All of the data should be restated word for word, with the pictures omitted.

◆ SUPPLIED MATERIAL ◆

◆ ◆ ◆

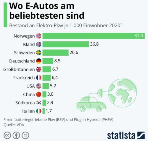 In China gibt es in absoluten Zahlen die meisten Elektroautos weltweit. Auf 1.000 Einwohner gerechnet sieht die Reihenfolge der Länder jedoch ganz anders aus. Dann liegt Norwegen mit rund 81 E-Autos einsam an der Spitze des Rankings. Das zeigt die Statista-Grafik auf Basis von Daten des deutschen Verbands der Automobilindustrie.
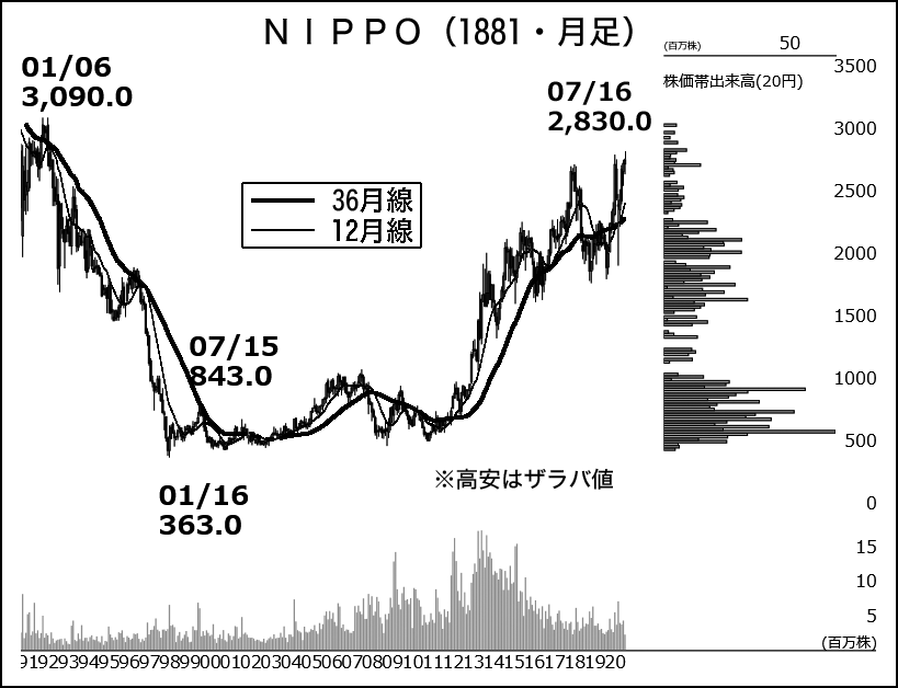道路舗装最大手のNIPPO(1881)が16日、一時80円高の2,830円まで上昇。1992年3月以来、約18年ぶりに2,800円台を回復した(チャート参照)。大規模な洪水被害を背景に、建設セクターを中心とする国土強靭(きょうじん)化関連株に関心が高まる中、その先駆けとして株価が躍動している。NIPPOの場合、ジェフリーズ証券が3,650円目標を打ち出したほか、親子上場絡みの材料も内包。3,000円を目指す可能性が高い。この銘柄をリード役とする国土強靭化関連株に復権シグナルが灯った。
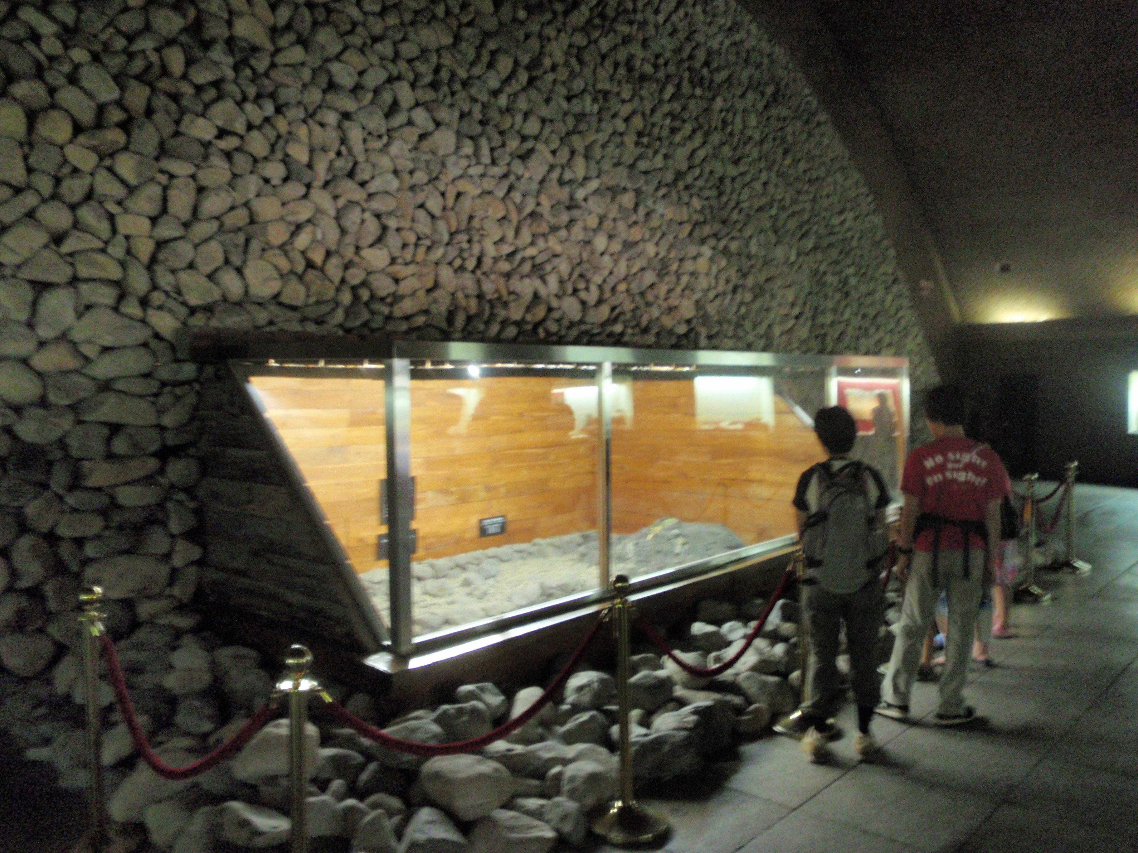 The next morning we went for a look around Gyeongju. It’s a town that seems to have a predilection for barley bread, with a shop selling it every five yards or so. We were going to look at the tombs rather than visit the bakers though, and in particular Cheonmachong, or the Heavenly Horse Tomb. This was the grave of some unknown royal from Silla kingdom and it had been excavated a few years previously giving visitors the opportunity to have a wander about inside. Disappointingly all the artifacts inside were replicas which made the sign stating that visitors should show respect towards what was an empty fake coffin a little bemusing. On the plus side, however, it was air-conditioned and so well worth the visit regardless of the authenticity of the artifacts.

◆ ◆ ◆

◆ EXERCISE RESULT ◆
 In China gibt es in absoluten Zahlen die meisten Elektroautos weltweit. Auf 1.000 Einwohner gerechnet sieht die Reihenfolge der Länder jedoch ganz anders aus. Dann liegt Norwegen mit rund 81 E-Autos einsam an der Spitze des Rankings. Das zeigt die Statista-Grafik auf Basis von Daten des deutschen Verbands der Automobilindustrie.
道路舗装最大手のNIPPO(1881)が16日、一時80円高の2,830円まで上昇。1992年3月以来、約18年ぶりに2,800円台を回復した(チャート参照)。大規模な洪水被害を背景に、建設セクターを中心とする国土強靭(きょうじん)化関連株に関心が高まる中、その先駆けとして株価が躍動している。NIPPOの場合、ジェフリーズ証券が3,650円目標を打ち出したほか、親子上場絡みの材料も内包。3,000円を目指す可能性が高い。この銘柄をリード役とする国土強靭化関連株に復権シグナルが灯った。
 The next morning we went for a look around Gyeongju. It’s a town that seems to have a predilection for barley bread, with a shop selling it every five yards or so. We were going to look at the tombs rather than visit the bakers though, and in particular Cheonmachong, or the Heavenly Horse Tomb. This was the grave of some unknown royal from Silla kingdom and it had been excavated a few years previously giving visitors the opportunity to have a wander about inside. Disappointingly all the artifacts inside were replicas which made the sign stating that visitors should show respect towards what was an empty fake coffin a little bemusing. On the plus side, however, it was air-conditioned and so well worth the visit regardless of the authenticity of the artifacts.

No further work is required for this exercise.